Abstract: An integrated continuous manufacturing process for generation of a drug substance encompassing a series of three reactions, crystallization, filtration and drying was established at lab scale and successfully scaled up to a commercial scale of 12kg/h. This talk focuses on the process intensification and continuous process development of the reactions, wherein a series of three reactions - acetonide deprotection, hydrolysis and salt exchange - were all telescoped and intensified enabling improved green metrics for metric tonnage requirement. First preliminary studies were conducted in batch mode to understand the scope for process intensification, followed by establishing feasibility of carrying out these reactions in flow reactors. The process was optimized at lab scale to identify the critical process parameters and the residence time distribution and reaction kinetics were also well-characterized. A detailed understanding of the flow process at the lab scale enabled selection of commercial equipment based on reaction requirements. As acetonide deprotection step was acidic in nature, required a high temperature and was sensitive to mixing, a silicon carbide reactor from Chemtrix® was identified as the right choice.

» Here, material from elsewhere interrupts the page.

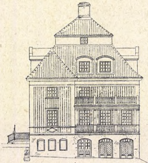
Fasad mot söder.

Undervisningsafdelningen innefattar 2 föreläsningssalar och 1 slöjdsal jämte en rymlig och bekvämt inredd köksafdelning. Dessutom finnes matsal, samlingsrum, föreståndarinnans expeditjonsrum, rum för lärarinnor, för 20 lärarinneelever och 10–12 husmorselever, gästrum m. m.

The hydrolysis was carried out in the Plantrix followed by a PFR to allow sufficient residence time and the salt exchange, which had some tendency to form precipitates, was carried out in a dynamic reactor from AM Technologies®. Next, the pilot scale feasibility and verification of design space were performed on these pilot scale equipment. Challenges faced during further scale-up to commercial equipment and their resolution will be discussed. A control strategy comprising PAT and a diversion strategy based on residence time distribution and model-based sensitivity analysis was established for commercial operation. A greenfield facility capable of manufacturing 90 tons/annum of this API has been established. The reaction mass efficiency and process mass intensity were significantly improved with lower power and utility consumption as compared to the batch process.